## Goal of the exercise
Reproduce the listing below word for word, with no pictures.

## Exercise material

::::::::

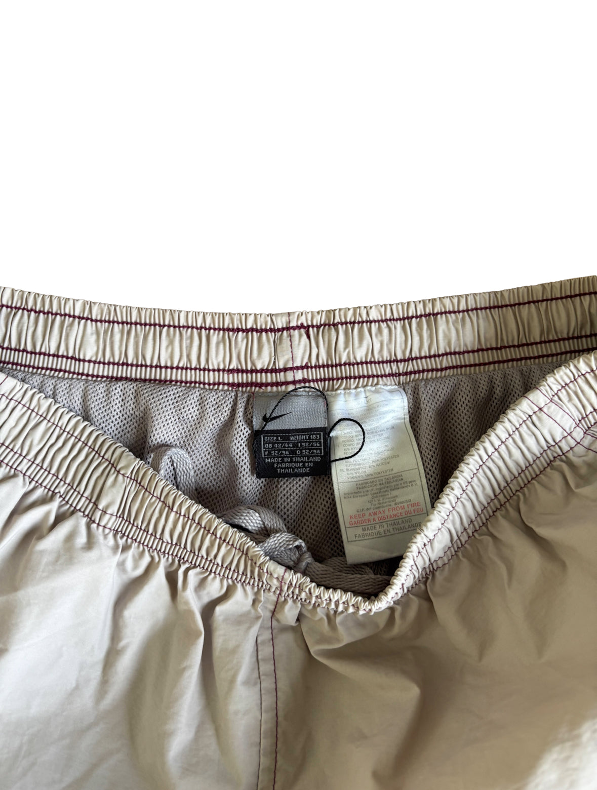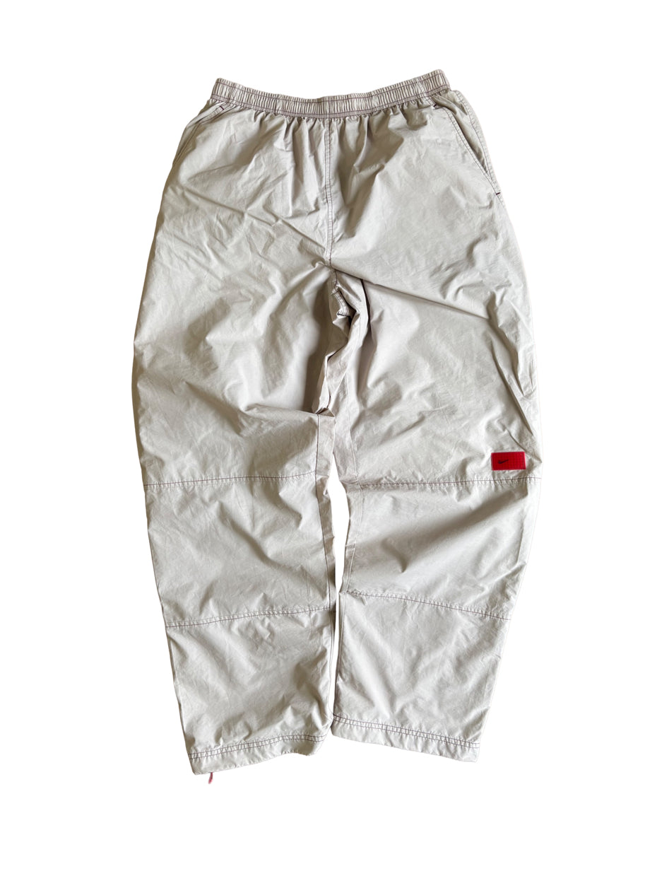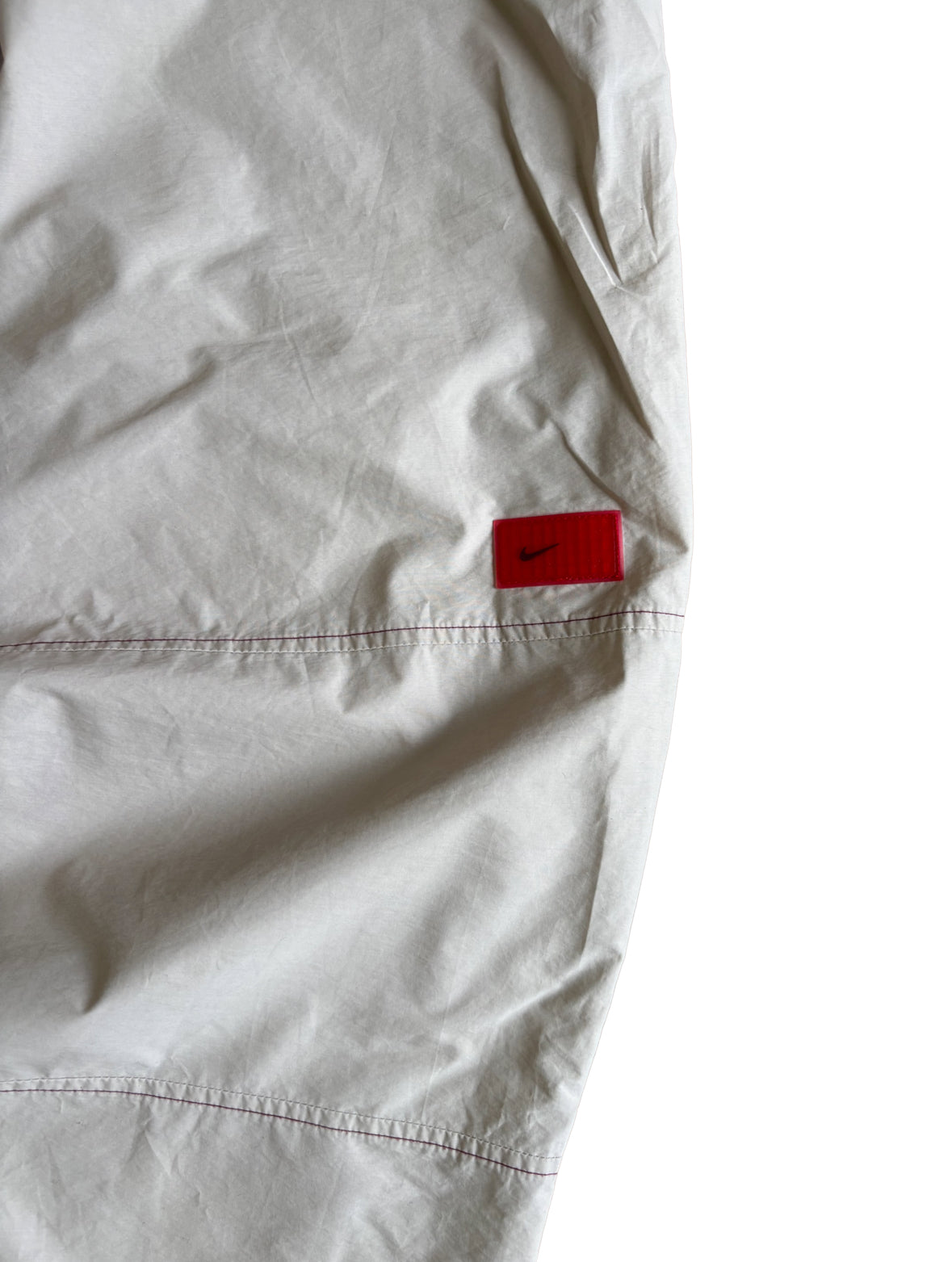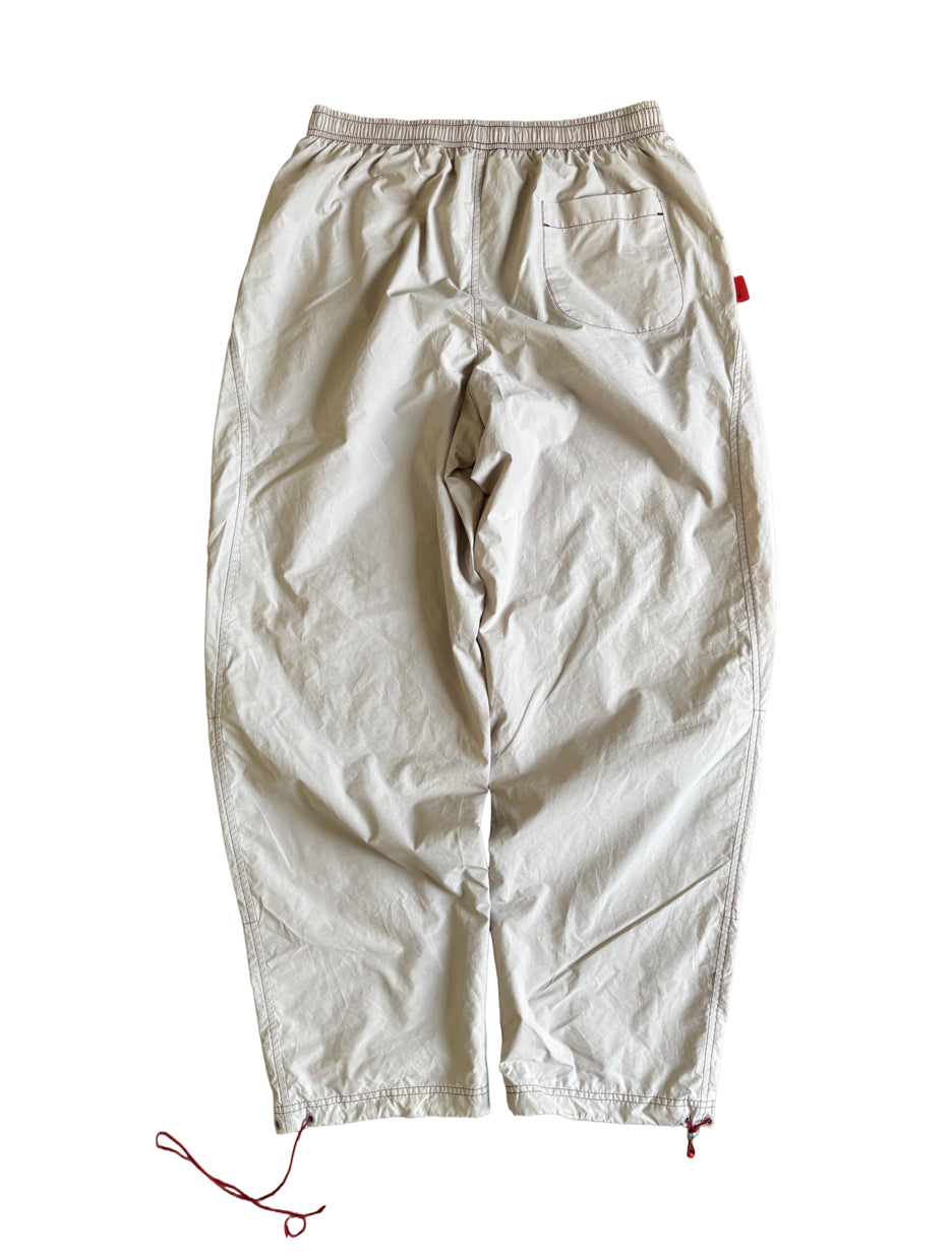 Cream cargo trousers / parachute trousers featuring exposed red contrasting embroidery Perfect condition other than one of the bottom drawstrings coming loose, doesn’t affect the trousers at all if you don’t wish to cinch the bottom
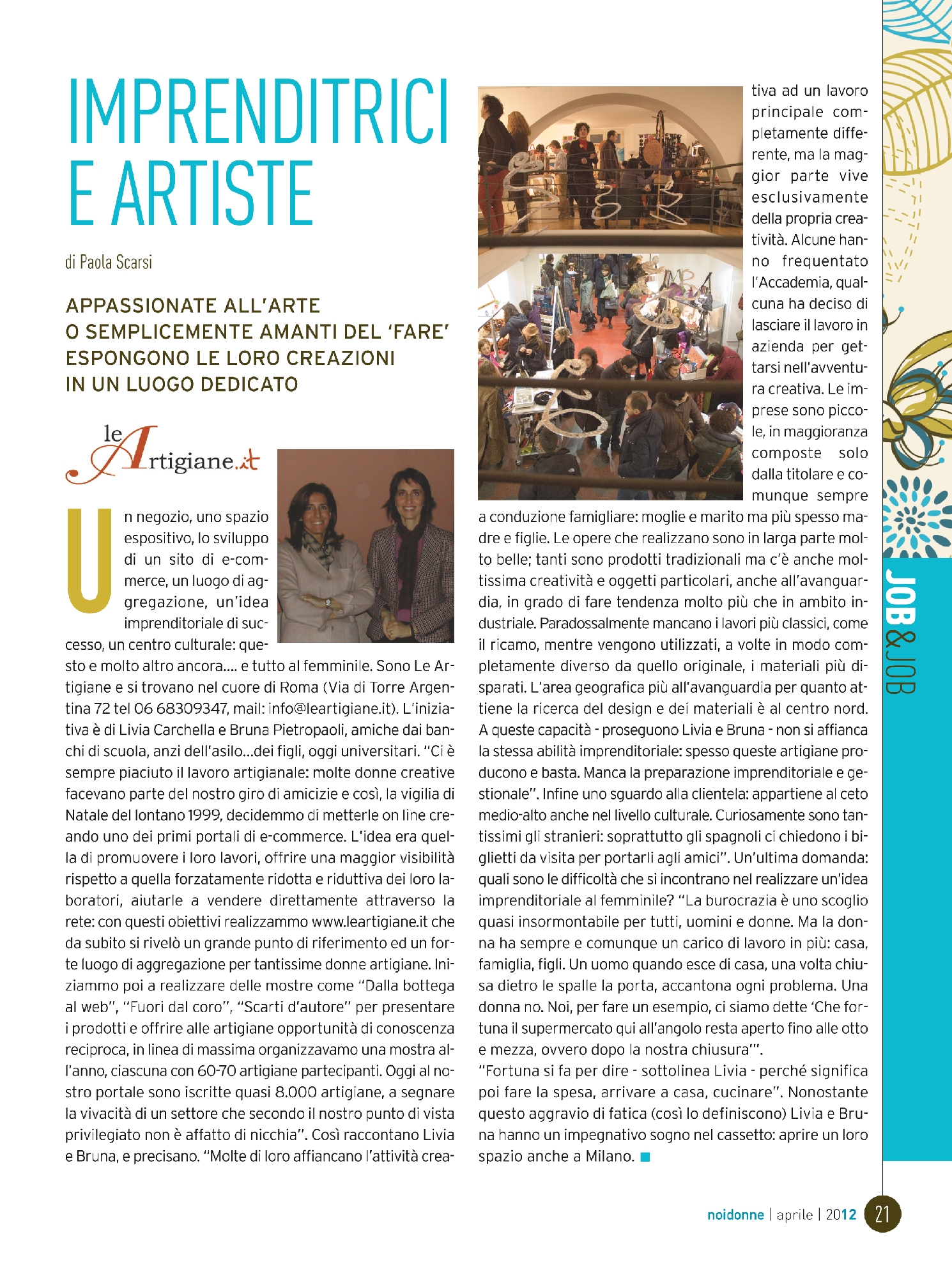 tina 72 teI 06 68309347, mail: info®leartigiane.it). L'inizia-
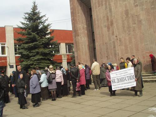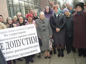Так было и на это раз! Когда закончилась сессия поссовета, Владыка Евлогий обратился к прихожанам с хорошей вестью! Победа сегодня за православными! Сегодня нам всем есть о чем доложить Богу! День прожит не напрасно! Большая заслуга принадлежит простым людям! Также Владыка рассказал о трудностях переговоров с депутатским корпусом, которые имели место накануне, буквально вчера – и как поразительно изменился тон переговоров после митинга под окнами поссовета! Вместе мы – сила, которая горы готова свернуть! Женщины из "Собора православных женщин Украины" стояли на митинге с таким лозунгом: "На территории канонического православия не допустим появление раскольнических религиозных организаций!"
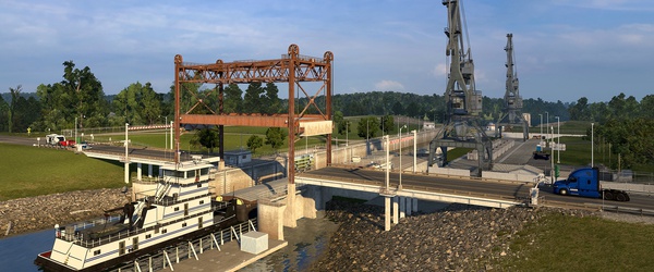 Новая подборка скриншотов дополнения про Луизиану для симулятора дальнобойщика American Truck Simulator посвящена переправам. Это не только мосты: здесь, например, можно покататься на паромах.
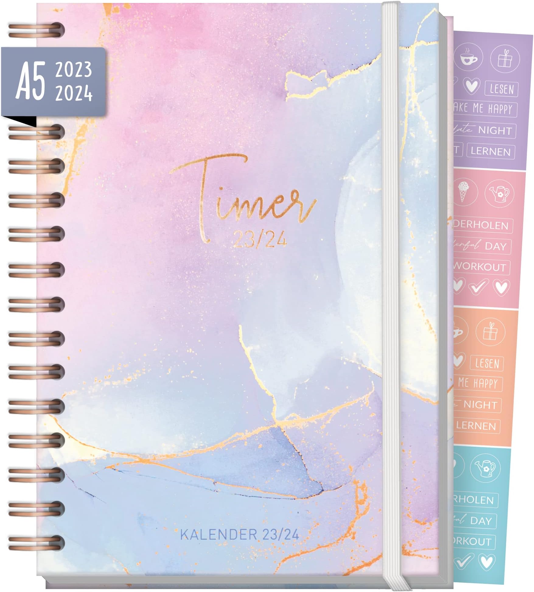 Mit Lesebändchen findest du schnell die aktuelle Woche, und die stabile Fadenbindung hält auch bei täglichem Gebrauch super durch.

::::::::

## Answer
 Cream cargo trousers / parachute trousers featuring exposed red contrasting embroidery Perfect condition other than one of the bottom drawstrings coming loose, doesn’t affect the trousers at all if you don’t wish to cinch the bottom
 tina 72 teI 06 68309347, mail: info®leartigiane.it). L'inizia-
Так было и на это раз! Когда закончилась сессия поссовета, Владыка Евлогий обратился к прихожанам с хорошей вестью! Победа сегодня за православными! Сегодня нам всем есть о чем доложить Богу! День прожит не напрасно! Большая заслуга принадлежит простым людям! Также Владыка рассказал о трудностях переговоров с депутатским корпусом, которые имели место накануне, буквально вчера – и как поразительно изменился тон переговоров после митинга под окнами поссовета! Вместе мы – сила, которая горы готова свернуть! Женщины из "Собора православных женщин Украины" стояли на митинге с таким лозунгом: "На территории канонического православия не допустим появление раскольнических религиозных организаций!"
 Новая подборка скриншотов дополнения про Луизиану для симулятора дальнобойщика American Truck Simulator посвящена переправам. Это не только мосты: здесь, например, можно покататься на паромах.
 Mit Lesebändchen findest du schnell die aktuelle Woche, und die stabile Fadenbindung hält auch bei täglichem Gebrauch super durch.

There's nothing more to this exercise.